Raul achava, por fim, que sim, vinha ali para encontrar-se com o pai. Naquela paisagem, naquele silêncio, naquela paz. Raciocinando sobre isso, foi que, certa vez, a irmã havia perguntado. Tu vai ao cemitério por causa da saudade de papai, é? Não. De estalo respondeu. E se for, emendou?
Eram práticos, os três, a mãe, a irmã e o menino de 15 anos. Os dois filhos sabiam que haviam herdado dos pais toda essa praticidade. A relação do casal era prática. No sentido da resolução dos problemas mais intrincados, quando surgiam, entre os dois. Não no sentido da superficialidade. Não havia superficialidade entre eles. Ora bolas, diria a avó. Não havia, digo eu. Ponto.
Ele deduzira que não precisaria ir a cemitério nenhum, principalmente ao que ia, para rememorar o que fosse. Mas ia, e estava acabado. A irmã não mais o importunou. Certa vez, viu a mãe chorando. Era um dia de chuva. Limpava as lágrimas. Ele se abraçou a ela. Ela lhe segurou os braços que a enlaçavam. Papai faz muita falta, ele disse. Pois é, ela falou. Para isso, ele não nos preparou.
O menino queria dizer que ele os havia preparado para o que acabou por ocorrer, quer dizer, sua partida precoce. Mas para a falta que fazia, não tinha como. A mãe agachou-se e se abraçaram um ao outro. Raul era um homem raro. Você já visitou lá a cova dele, mãe? Não. Não é preciso, ela disse. Você quando vai lá, visita? Não, mãe, não é preciso. Riram os dois.
Um dia, à mesa, enquanto a mãe se servia, perguntara ao marido: o que você faz indo tanto a cemitério? Não vou tanto, ele disse, vou num só. A mãe fez cara de deboche. Ele riu. Sim, mas para fazer o quê? Andar, meditar, ver, observar. Falou aasim pausado. Parecia olhar através. Que mania besta. E para que leva o menino? Para que se acostume com o lugar onde, um dia, vamos todos estar.
Achavam no pai essa única excentricidade. Parceiro dele era o filho. Evidente que não associava à mania do pai qualquer despiste e não se esperava que fosse preparação para desfecho trágico. Nenhum deles assim interpretava, senão o menino. E nisso era intuitivo. Talvez fosse essa a razão por que, frequentando ainda o campo, poucas vezes se avizinhasse do túmulo do pai.
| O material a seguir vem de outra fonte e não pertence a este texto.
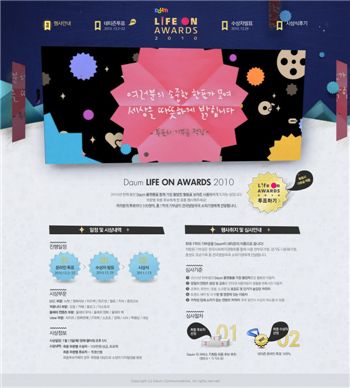 [아시아경제 서소정 기자]다음커뮤니케이션(대표 최세훈)은 올해 다음 서비스를 통해 양질의 콘텐츠를 생성·공유함으로써 다음 이용자들의 생활을 즐겁게 변화시킨 이용자를 선발하는 '2010 다음 라이프 온 어워드'를 진행한다고 3일 밝혔다. 2010 라이프 온 어워드는 한 해를 빛낸 이용자제작콘텐츠(UCC)를 네티즌들과 공유함으로써 그 당시의 감동과 행복, 웃음을 다시 한 번 나누자는 취지로 준비됐다. 수상부문은 ▲지식, tv팟, 텔존, 미즈넷, 미즈쿡, 영화리뷰, 증권고수를 선정하는 'UCC 부문' ▲요즘, 카페, 블로그, 티스토리 이용자 대상의 '커뮤니티 부문' ▲올해의 뮤직, 영화, 책 부문을 수상하는 '콘텐츠 부문' ▲라이프, 문화연예 등 각 영역에서 가장 뛰어난 활동을 펼친 블로거를 선발하는 'view부문' 등 총 4개다. 다음은 내부 심사위원단을 구성해 조회수, 추천수, 댓글, 스크랩 등의 지표와 활동성이 높은 이용자를 후보로 선정했다. 최종 수상자는 네티즌들의 투표에 의해 결정된다. 다음 사용자라면 누구나 오는 22일까지 해당 홈페이지(//)를 통해 각 부문별 최고의 이용자를 선정하는 온라인 투표에 참여할 수 있다. 수상자는 이번달 29일 발표될 예정이다. 각 부문별 수상자에게는 1월 13일에 열릴 시상식에서 현금 100만원과 트로피를 수여하고, view 대상 수상자에게는 500만 원을 제공할 계획이다.이번 행사는 네티즌이 투표에 참여함과 동시에 나눔의 따뜻함을 느낄 수 있도록 한 것이 특징이다. 네티즌이 투표할 때마다 1표에 100원씩 적립해 다음이 최대 1억원을 대신 기부할 예정이다. 이를 통해 모인 금액은 시상식에서 한국사회복지관협회에 기부금으로 전달된다. 윤정하 다음 브랜드마케팅팀장은 "이번 행사는 다음이 추구하는 '라이프 온 다음'이라는 비전에 맞게 올 한 해 동안 우리의 생활을 편리하고, 즐겁게 해준 이용자들을 선정·축하하는 자리로 진행될 것"이라고 말했다.서소정 기자 ssj@<ⓒ세계를 보는 창 경제를 보는 눈, 아시아경제(www.asiae.co.kr) 무단전재 배포금지>

Excentricidade. Toda a família absorveu igual a perda. Afagaram-se e se uniram em torno do colapso. É claro que a personalidade dele ajudou. E, no final das contas, sua intimidade com jazigos, tumbas e mausoléus, no campo dos idos, acabou por ajudar. Diante da morte, mesmo que diminuto, qualquer conforto ajuda.
Mas não era o caso da família. Porque ele os preparara para qualquer trauma. A vida que viveram era um dom. Viviam uma vida que incluía o preparo para a morte. Não que fosse assim compassiva. Morte é sempre morte. Mas a intensidade com que viviam, compensava o incompensável.
E todos os três lembravam que, em função disso mesmo, a morte dele foi menos dolorosa. Ficaram juntos o tempo todo. As pessoas vinham e os consolavam. Havia muitos amigos. Havia muitos parentes. Ele era um gerente de lojas. Seu jeitão o tornava essencial para a rede, amável com todos os colaboradores e clientes. Um achado para os patrões e chefes imediatos.
Sua genialidade, bom humor e criatividade eram seu principal trunfo. Meio atlético, futebol todo finalzinho de semana. Sexta à noite. Sábado e domingo eram exclusivamente da família. Shopping e piscina. Não necessariamente nessa ordem. Um dia, um tio convidou para irem a uma igreja. Era simpático a qualquer proposta familiar. Bastava representar agregação.